Below are the records; give again exactly the line with "Making a statement", the line with "Le premier séminaire", and each line that lies between them, and nothing besides.

» Provided information:

————————

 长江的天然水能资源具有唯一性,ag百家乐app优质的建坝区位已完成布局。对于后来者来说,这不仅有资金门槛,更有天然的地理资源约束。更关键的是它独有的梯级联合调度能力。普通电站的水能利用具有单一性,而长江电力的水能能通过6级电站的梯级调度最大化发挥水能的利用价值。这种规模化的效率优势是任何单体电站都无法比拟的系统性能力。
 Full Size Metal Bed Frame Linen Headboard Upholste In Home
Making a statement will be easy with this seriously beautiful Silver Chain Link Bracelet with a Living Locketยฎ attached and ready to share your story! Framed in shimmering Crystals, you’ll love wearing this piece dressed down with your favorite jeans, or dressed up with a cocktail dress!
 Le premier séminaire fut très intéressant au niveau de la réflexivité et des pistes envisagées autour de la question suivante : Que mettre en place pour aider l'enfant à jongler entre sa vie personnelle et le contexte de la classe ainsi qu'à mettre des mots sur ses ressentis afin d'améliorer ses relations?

————————

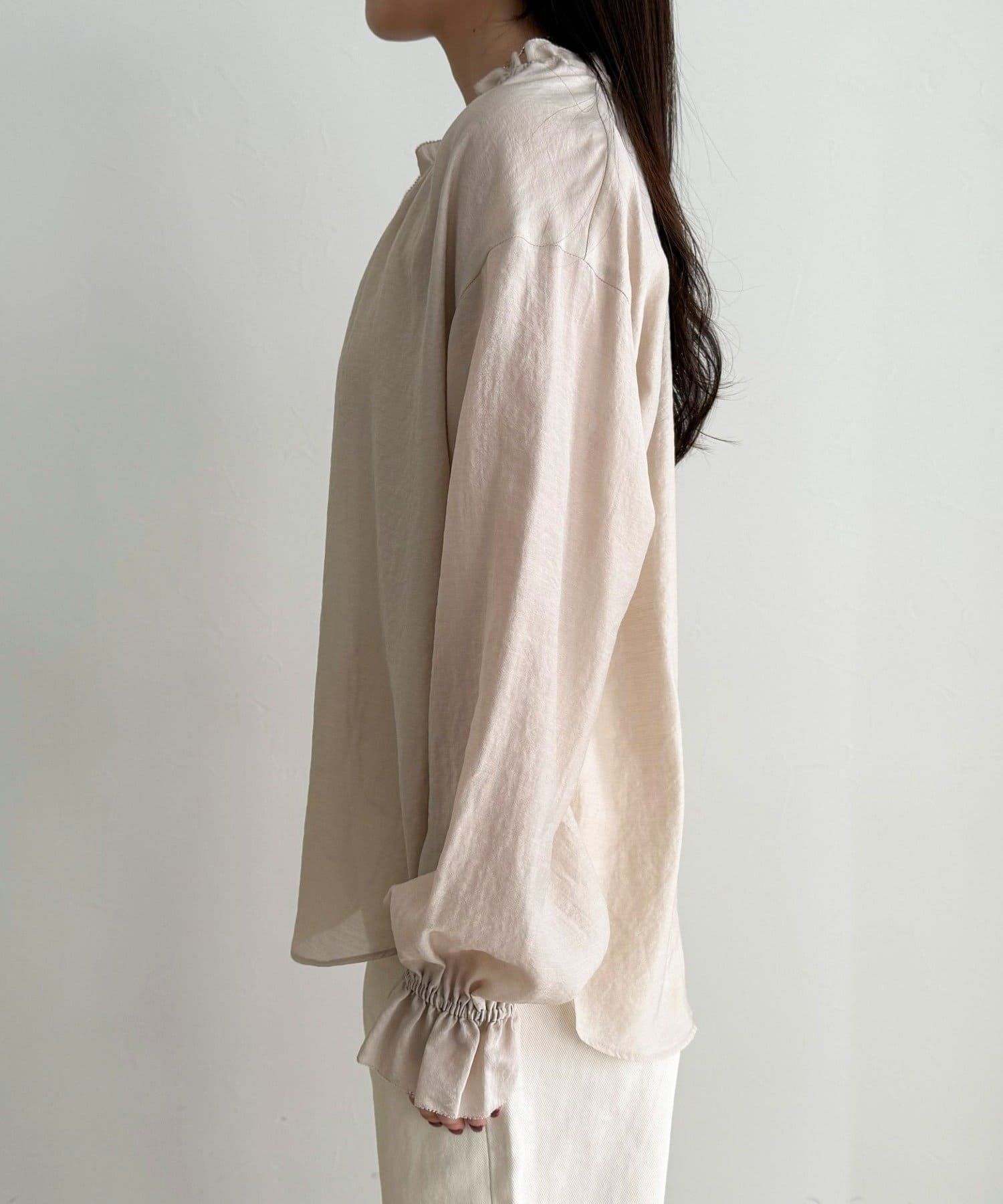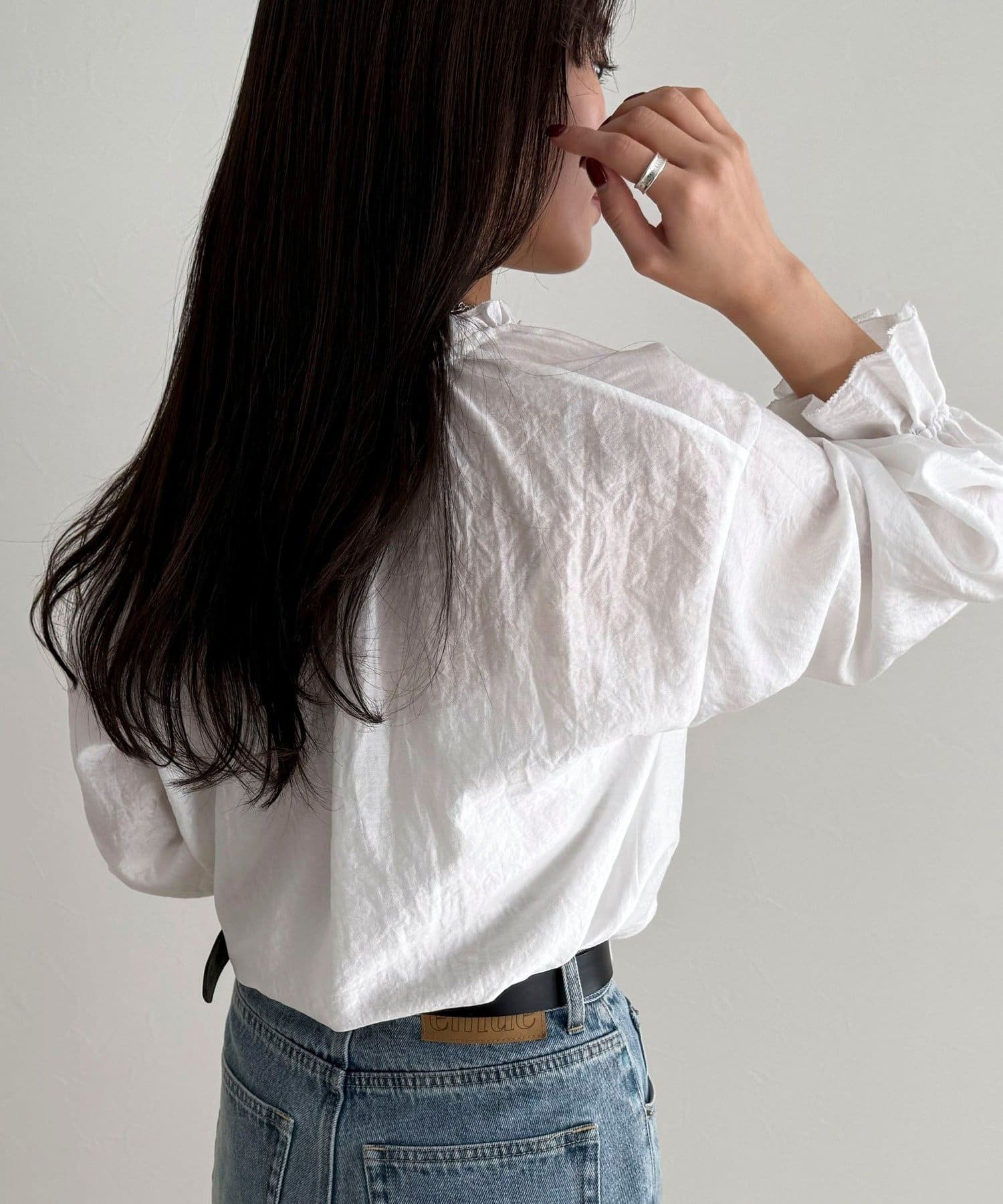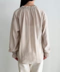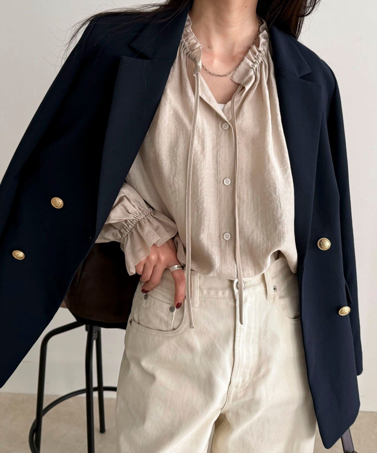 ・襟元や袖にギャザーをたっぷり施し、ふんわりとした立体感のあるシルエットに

————————

» Answer section:
Making a statement will be easy with this seriously beautiful Silver Chain Link Bracelet with a Living Locketยฎ attached and ready to share your story! Framed in shimmering Crystals, you’ll love wearing this piece dressed down with your favorite jeans, or dressed up with a cocktail dress!
 Le premier séminaire fut très intéressant au niveau de la réflexivité et des pistes envisagées autour de la question suivante : Que mettre en place pour aider l'enfant à jongler entre sa vie personnelle et le contexte de la classe ainsi qu'à mettre des mots sur ses ressentis afin d'améliorer ses relations?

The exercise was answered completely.